- [Data in this exercise]

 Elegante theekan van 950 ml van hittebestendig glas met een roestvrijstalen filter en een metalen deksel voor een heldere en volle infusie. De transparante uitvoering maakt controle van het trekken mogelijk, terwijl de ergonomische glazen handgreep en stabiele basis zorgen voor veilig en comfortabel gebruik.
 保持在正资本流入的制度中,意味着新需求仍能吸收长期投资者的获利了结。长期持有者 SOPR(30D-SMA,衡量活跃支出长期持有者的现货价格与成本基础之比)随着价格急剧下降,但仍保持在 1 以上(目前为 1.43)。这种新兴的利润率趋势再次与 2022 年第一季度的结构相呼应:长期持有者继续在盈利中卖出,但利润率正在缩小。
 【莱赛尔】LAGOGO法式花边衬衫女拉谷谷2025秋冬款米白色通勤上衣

==

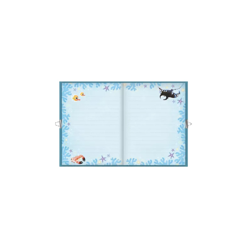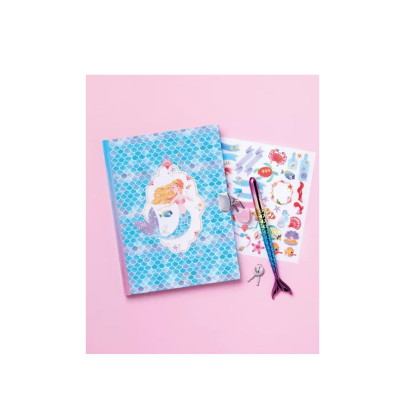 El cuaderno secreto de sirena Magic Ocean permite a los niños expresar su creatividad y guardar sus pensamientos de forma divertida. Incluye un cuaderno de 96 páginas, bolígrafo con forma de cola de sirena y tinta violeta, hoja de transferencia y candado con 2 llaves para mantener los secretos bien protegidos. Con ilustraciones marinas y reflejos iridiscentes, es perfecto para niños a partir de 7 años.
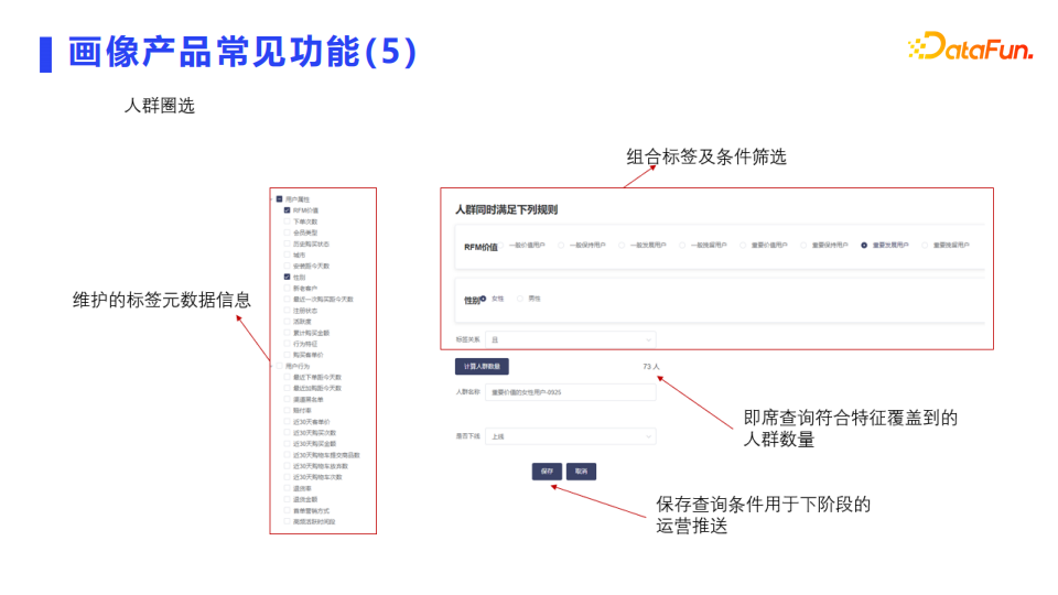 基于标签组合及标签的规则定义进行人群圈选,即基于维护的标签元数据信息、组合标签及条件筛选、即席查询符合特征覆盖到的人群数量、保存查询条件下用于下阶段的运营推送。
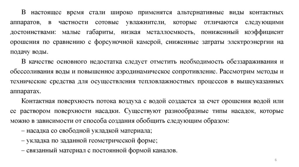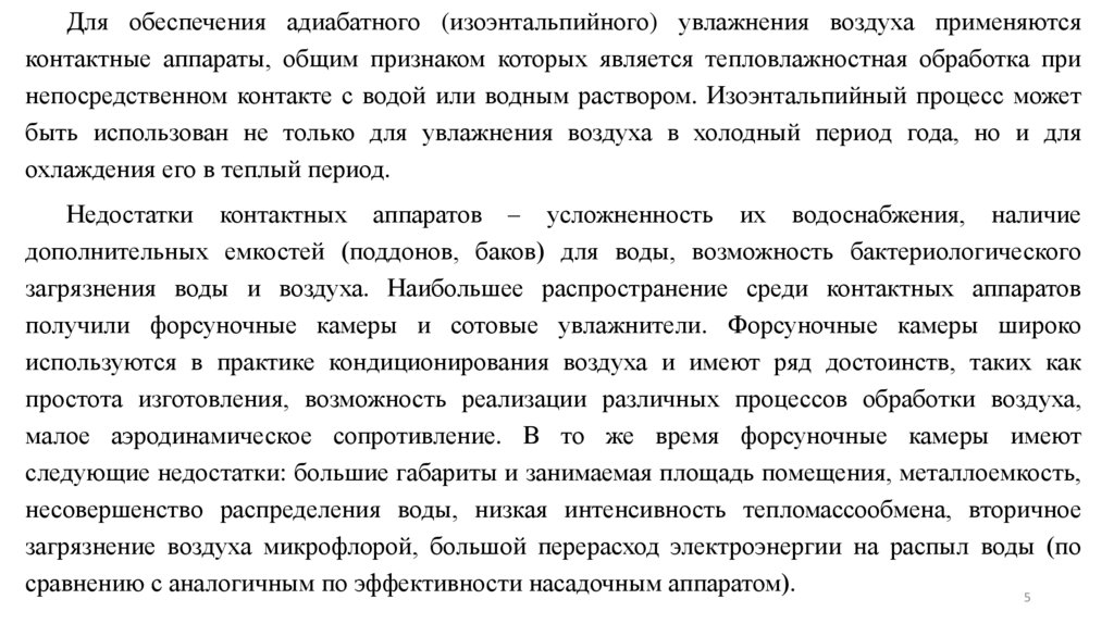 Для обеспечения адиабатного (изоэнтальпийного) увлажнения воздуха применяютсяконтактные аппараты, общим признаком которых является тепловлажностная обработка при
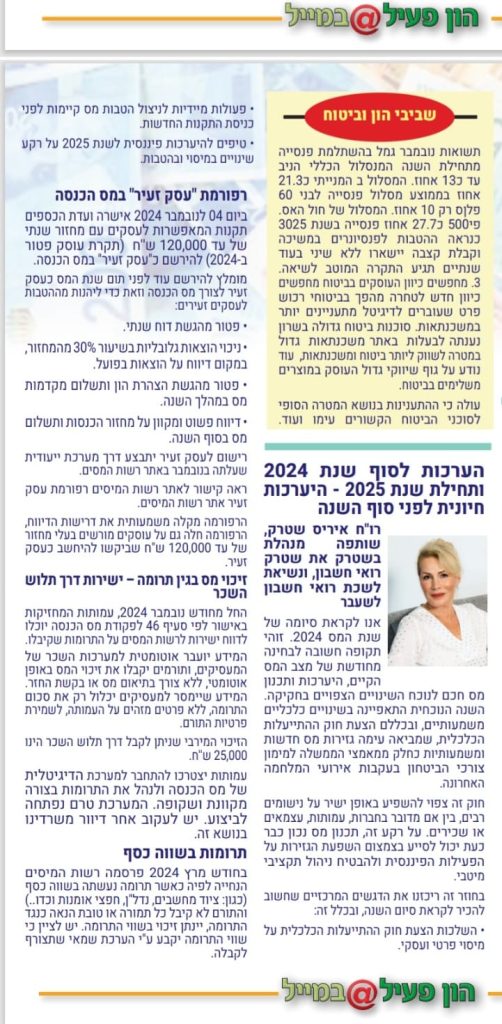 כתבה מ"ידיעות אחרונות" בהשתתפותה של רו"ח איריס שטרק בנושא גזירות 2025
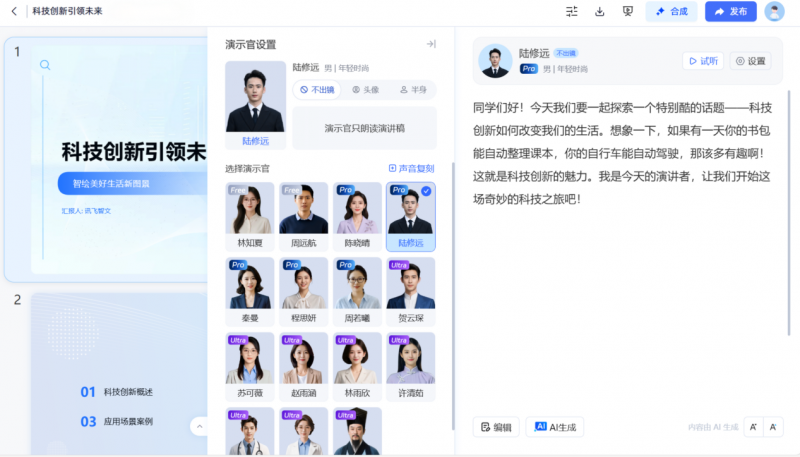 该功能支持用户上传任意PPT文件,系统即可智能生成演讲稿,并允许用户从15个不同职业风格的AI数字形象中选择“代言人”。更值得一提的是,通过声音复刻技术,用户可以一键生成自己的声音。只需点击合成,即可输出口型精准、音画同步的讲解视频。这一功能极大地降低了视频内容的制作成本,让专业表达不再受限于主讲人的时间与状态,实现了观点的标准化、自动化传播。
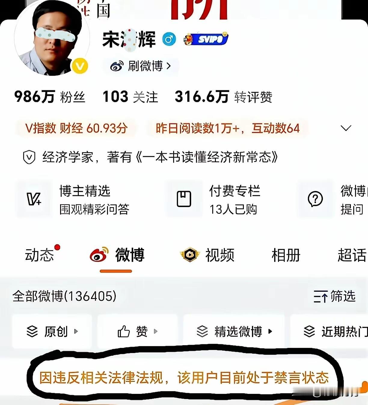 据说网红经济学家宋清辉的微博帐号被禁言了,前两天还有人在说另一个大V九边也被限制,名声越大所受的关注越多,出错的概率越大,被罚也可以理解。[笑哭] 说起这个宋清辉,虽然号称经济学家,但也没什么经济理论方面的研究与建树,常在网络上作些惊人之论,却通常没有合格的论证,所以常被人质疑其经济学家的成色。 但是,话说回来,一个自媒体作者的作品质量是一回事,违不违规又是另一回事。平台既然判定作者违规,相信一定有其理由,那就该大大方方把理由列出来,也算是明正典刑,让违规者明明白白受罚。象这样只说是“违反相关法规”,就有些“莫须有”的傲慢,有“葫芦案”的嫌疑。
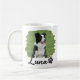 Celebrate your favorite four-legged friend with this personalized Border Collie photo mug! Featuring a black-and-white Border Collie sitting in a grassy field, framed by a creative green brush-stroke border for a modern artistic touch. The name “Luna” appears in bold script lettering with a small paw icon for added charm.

...

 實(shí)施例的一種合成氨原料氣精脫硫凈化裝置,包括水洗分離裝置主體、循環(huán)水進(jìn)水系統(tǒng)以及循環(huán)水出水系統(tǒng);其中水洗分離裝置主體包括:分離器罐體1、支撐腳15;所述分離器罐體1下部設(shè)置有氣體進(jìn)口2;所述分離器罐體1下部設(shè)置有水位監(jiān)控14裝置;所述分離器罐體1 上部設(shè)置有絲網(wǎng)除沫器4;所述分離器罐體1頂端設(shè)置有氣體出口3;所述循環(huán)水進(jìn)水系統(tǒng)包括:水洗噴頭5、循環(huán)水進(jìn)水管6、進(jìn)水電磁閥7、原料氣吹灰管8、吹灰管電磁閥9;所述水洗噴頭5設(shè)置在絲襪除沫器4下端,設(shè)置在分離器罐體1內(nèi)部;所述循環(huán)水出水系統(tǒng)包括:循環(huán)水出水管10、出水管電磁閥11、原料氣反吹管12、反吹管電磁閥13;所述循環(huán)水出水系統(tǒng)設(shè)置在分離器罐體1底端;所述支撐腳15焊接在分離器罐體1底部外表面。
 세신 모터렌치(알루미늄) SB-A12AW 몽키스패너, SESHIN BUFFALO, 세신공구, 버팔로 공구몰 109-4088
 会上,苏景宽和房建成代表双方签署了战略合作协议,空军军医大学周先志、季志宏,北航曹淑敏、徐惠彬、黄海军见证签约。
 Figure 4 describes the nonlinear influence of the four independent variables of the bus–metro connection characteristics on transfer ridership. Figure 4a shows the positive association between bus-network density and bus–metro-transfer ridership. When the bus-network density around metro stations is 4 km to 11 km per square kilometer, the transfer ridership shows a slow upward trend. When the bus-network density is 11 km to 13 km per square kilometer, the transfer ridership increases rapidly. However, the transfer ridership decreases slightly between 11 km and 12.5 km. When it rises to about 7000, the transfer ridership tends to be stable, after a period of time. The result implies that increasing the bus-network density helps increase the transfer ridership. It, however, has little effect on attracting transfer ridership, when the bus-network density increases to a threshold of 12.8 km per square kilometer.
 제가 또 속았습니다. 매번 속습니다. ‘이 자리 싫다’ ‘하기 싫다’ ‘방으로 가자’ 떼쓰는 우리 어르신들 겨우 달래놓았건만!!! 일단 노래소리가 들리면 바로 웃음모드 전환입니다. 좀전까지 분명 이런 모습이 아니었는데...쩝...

- [Instructions to follow]
Copy the lines above between the one holding "בנושא גזירות 2025" and the one holding "Celebrate your favorite", inclusive. Drop the pictures.

- [Solution for this problem]
 כתבה מ"ידיעות אחרונות" בהשתתפותה של רו"ח איריס שטרק בנושא גזירות 2025
 该功能支持用户上传任意PPT文件,系统即可智能生成演讲稿,并允许用户从15个不同职业风格的AI数字形象中选择“代言人”。更值得一提的是,通过声音复刻技术,用户可以一键生成自己的声音。只需点击合成,即可输出口型精准、音画同步的讲解视频。这一功能极大地降低了视频内容的制作成本,让专业表达不再受限于主讲人的时间与状态,实现了观点的标准化、自动化传播。
 据说网红经济学家宋清辉的微博帐号被禁言了,前两天还有人在说另一个大V九边也被限制,名声越大所受的关注越多,出错的概率越大,被罚也可以理解。[笑哭] 说起这个宋清辉,虽然号称经济学家,但也没什么经济理论方面的研究与建树,常在网络上作些惊人之论,却通常没有合格的论证,所以常被人质疑其经济学家的成色。 但是,话说回来,一个自媒体作者的作品质量是一回事,违不违规又是另一回事。平台既然判定作者违规,相信一定有其理由,那就该大大方方把理由列出来,也算是明正典刑,让违规者明明白白受罚。象这样只说是“违反相关法规”,就有些“莫须有”的傲慢,有“葫芦案”的嫌疑。
 Celebrate your favorite four-legged friend with this personalized Border Collie photo mug! Featuring a black-and-white Border Collie sitting in a grassy field, framed by a creative green brush-stroke border for a modern artistic touch. The name “Luna” appears in bold script lettering with a small paw icon for added charm.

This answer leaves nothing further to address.